Судя по ответу, в армии полным ходом идут преобразования, необходимость которых была востребована поражением в русско-японской войне: «Солдатам отлично: на простынях спят! У каждого своя койка, а щи такие, что и вам дать, так облизнётесь» (С. 73). Одним словом, «разврат, чистый разврат!» - и заключается он в том, что «не хотят к земле возвращаться, один служить остаётся, другой просит место городового, третий дворника, только бы не домой» (С. 73). Рассказчик, для которого непредставимо, «чтобы крестьянин соблазнился солдатчиной», резюмирует: «Офицеры и не думают в этот момент, какой иронией звучат их слова над всей огромной земледельческой страной: простыня и щи так развращают земледельца, что из-за этого он не хочет возвращаться к сохе» (С. 73). По словам офицеров, внутривойсковой «прогресс» простирается уже до того, что ставка делается на «сознательных» солдат: «...раньше солдат обучали, как массу, нынче обращают внимание на солдатскую индивидуальность, солдат теперь на войну не должен идти, как баран, а как личность» (С. 73).

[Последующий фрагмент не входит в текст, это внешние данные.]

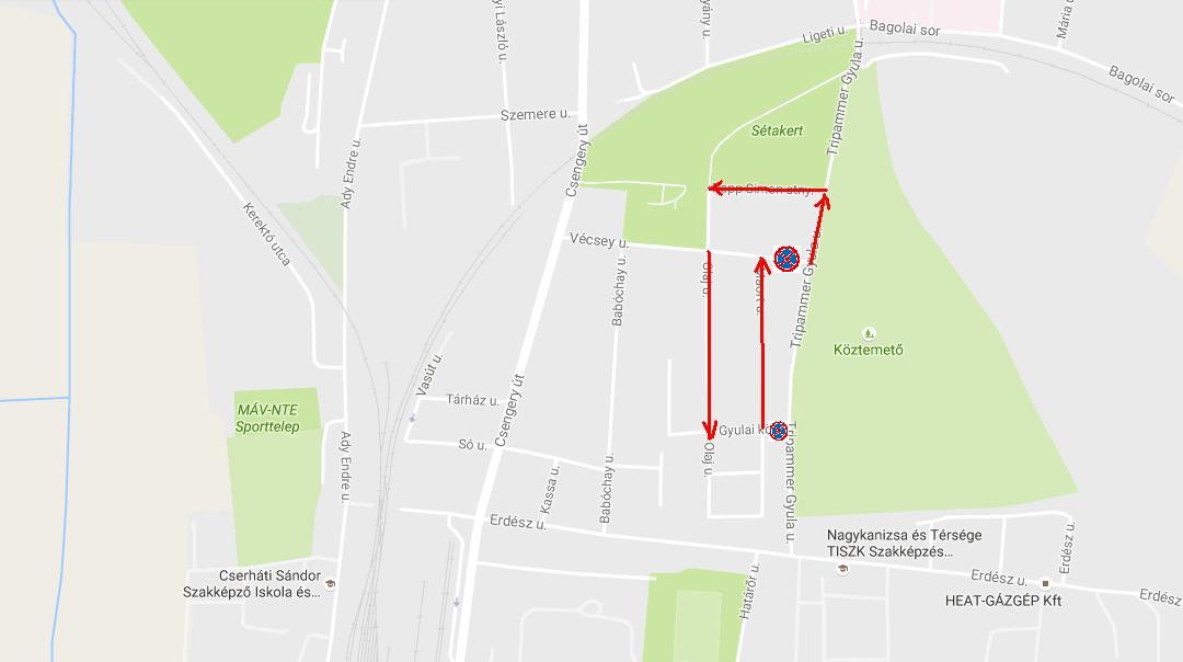Forgalmi rend változás lép érvénybe 2016. október 29-én 8 órától 2016. november 2-án 8 óráig a Kiserdei úton és az Újtemető előtti útszakaszon, a Kiserdei út – Gébárti út kereszteződésétől a Kiserdei út – Kaszaházi út kereszteződéséig (körforgalom), ahol a forgalom egyirányúvá válik.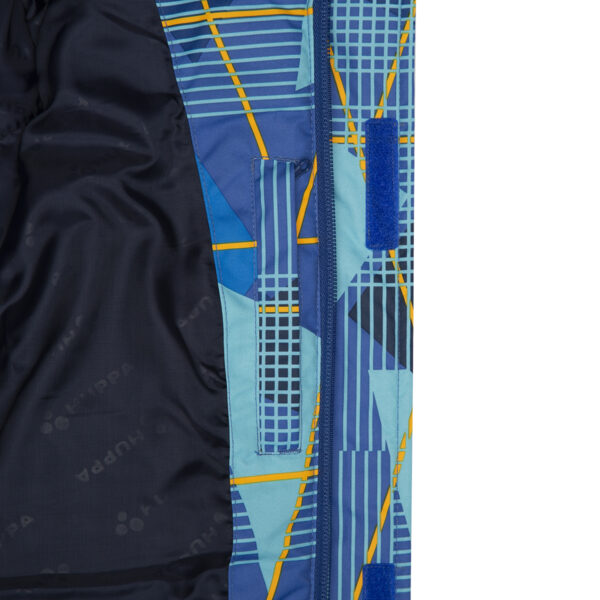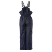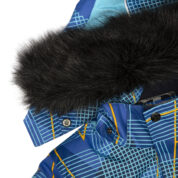 Children’s jacket and trousers set. Water- and windproof, breathable outer fabric. Inside of jacket and trousers in soft lining fabric. Elastic cuffs on ends of sleeves. Detachable hood fastens to the collar with snap buttons. Detachable faux fur trim on hood. Trousers have higher waist and adjustable elastic suspenders. Elastic waistband. Snow locks at leg ends. Rubber cord tunnel with stoppers at leg ends. Waterproof taped seams. Trousers have no inseam in leg part. Both jacket and trousers have reflective details.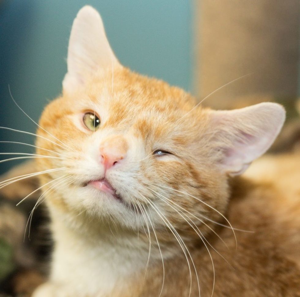 Hogan was born with a permanent "wink" in his left eye and a small and dainty nose. The little feline was friendly and wanted attention from the staff at Medina County SPCA right from the start.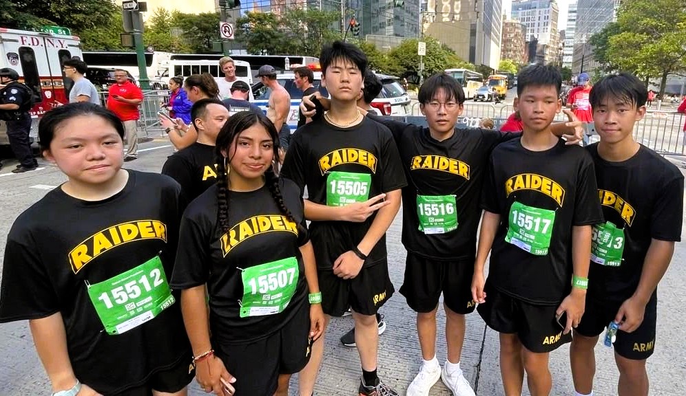 Members of the school JROTC unit’s Raider cadets took part in the 3.5-mile trek starting in Brooklyn near the entrance to the Hugh L. Carey Tunnel and ending on West Street in Manhattan. Other cadets stretched along West Street with large banners showing faces of police officers, firefighters and others who died on 9/11. Army Maj. Sang B. Lee (Ret.) is the senior instructor of the JROTC program.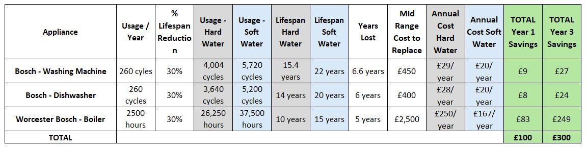 It is quite well documented that hard water is likely to reduce the lifespan of your boiler by 50%, however having looked at specific manufacturer data most boilers come with a 10-year warranty, so we have kept this to 30% for each appliance to give an accurate picture of costs. You can see here that annual costs for the three most common appliances are £100.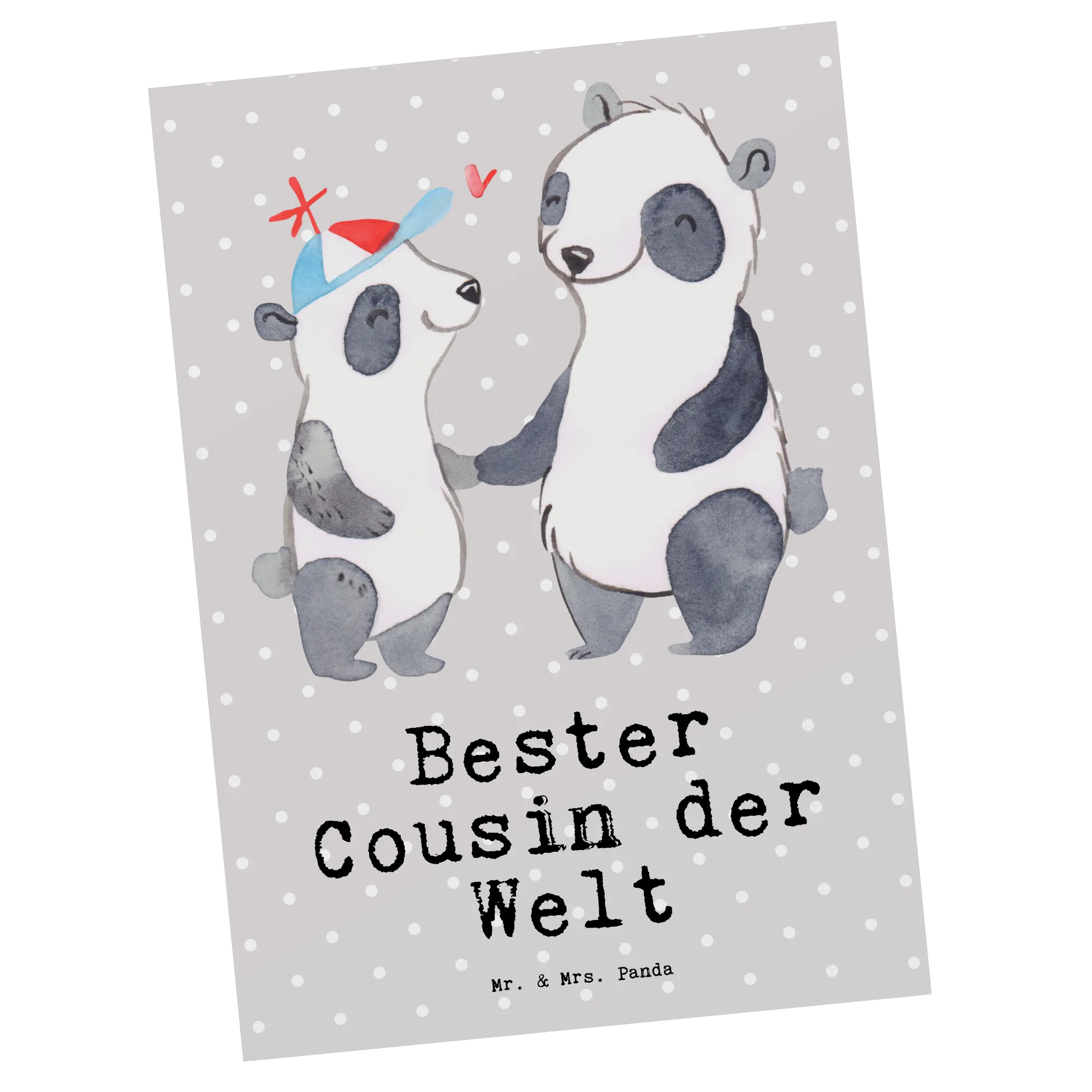 Postkarte Panda Bester Cousin der Welt - Grau Pastell

Однако, по мнению офицеров, этот «прогресс» имеет оборотную сторону: «сознательность вредно отзывается на штыковом ударе»; «рост личности в солдате» становится «причиной ослабления» удара (С. 74). Для наглядности и убедительности офицеры ссылаются «на охотничий пример»: «Человек, стреляющий бекаса "навскидку", попадает в цель бессознательно; если он в этот момент что-нибудь подумает - пропало дело!

Вот так же и солдат во время штыковой атаки не должен быть сознательным; если он подумает, как ему действовать одному, за себя, то - пропало дело! Как на охоте, так и на войне: в решительное мгновенье штыкового удара нужно забыть себя, а "сознательному" труднее забыть себя, чем бессознательному» (С. 74).

Писатель, «по привычке видеть в "сознательности" полезное начало для всяких дел человеческих», начинает возражать офицерам: с его точки зрения, «время штыкового удара как бессознательно-массового явления должно исчезнуть», «во всех операциях» - «война теперь ведётся по телефону, стрельба совершается по невидимой цели» - «требуется "сознательность", и потому-то в настоящее время побеждает "школьный учитель"» (С. 74). Однако «офицеры решительно останавливают нить» его «дальнейших рассуждений», настаивая на том, что, несмотря на техническое перевооружение армии, команда «В штыки!» будет раздаваться: «.рано или поздно пушки бывают подбиты, открывается ружейный огонь», и чем ближе сходятся армии, «тем число поражений становится меньше, солдаты перестают попадать в цель. <.> Конец, самый конец решает штыковой удар, и от него в итоге зависит исход войны, а не от "школьного учителя"» (С. 74). Доказывая верность своего наблюдения, что «"сознательность" вредно действует на штыковой удар», офицеры посвящают ему слова патетического звучания: «Штыковой удар есть согласие и равенство частей, штыковой удар - любовь, чувство родины, связь. Штыковой удар, а не холодный расчёт делает войну священной!» (С. 74. Здесь и далее курсив автора. - Н. Н.).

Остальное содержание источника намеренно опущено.